Avouons-le, l’envie est grande de pointer l’appareil photo vers les fliques-flaques jusqu’à ce qu’un nuage de gouttelettes annonce l’arrivée de maman baleine. Je rêvais de ce cliché trop typique montrant la queue d’une baleine avec, en arrière-plan, l’étendue de la mer et des montagnes colorées. La vérité, c’est que la houle et la vitesse de déplacement des animaux rendent toute séance amateur de photos presque inutiles. On aura beaucoup de flou et on manquera forcément le spectacle à trop essayer de bien orienter la lentille.
J’ai plutôt décidé de regarder, de prendre la mesure de ces immenses animaux sans me presser. À un certain moment, au moins cinq baleines s’étaient regroupées.
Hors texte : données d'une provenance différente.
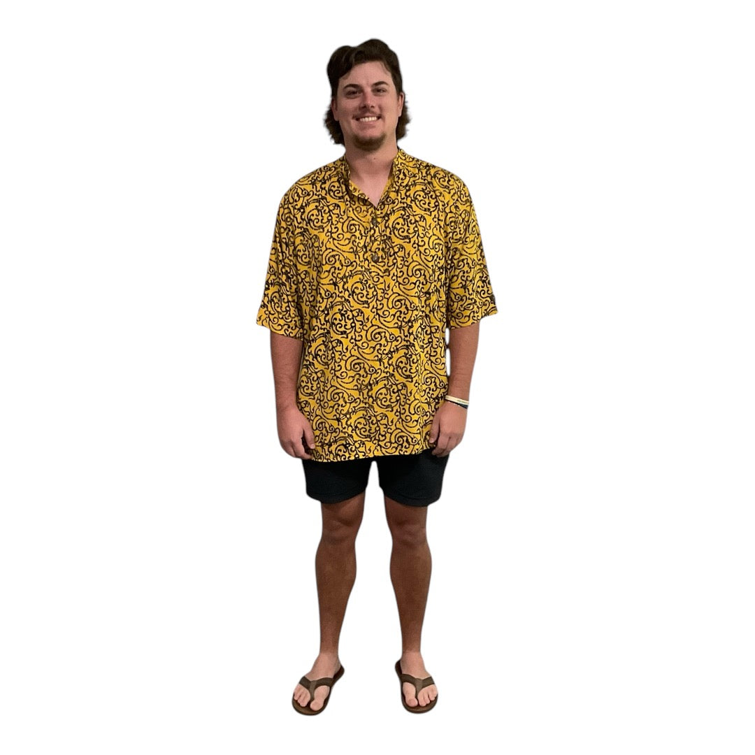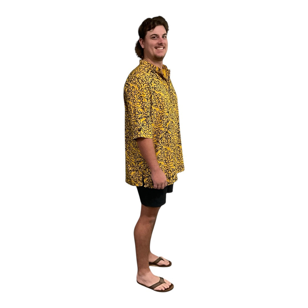 The Men's Resort Wear Bula Shirt features a vibrant, tropical design that's perfect for warm-weather escapes. Made from lightweight, breathable fabric, it ensures comfort and style for any casual outing or vacation. Its relaxed fit and bold print make it a standout piece for a laid-back yet fashionable look.

Du jamais vu en ce qui me concerne. Temps suspendu.
Le plus beau, c’est le magnétisme qui se dégage de l’expérience. Le vent du large nous happe. Les vagues nous font dodeliner à l’excès. Mais on oublie complètement le temps qui passe et on regrette de devoir rentrer.
À tout le moins, j’ai maintenant envie de confronter de nouveau les baleines de Tadoussac pour voir si elles auront vaincu leur timidité.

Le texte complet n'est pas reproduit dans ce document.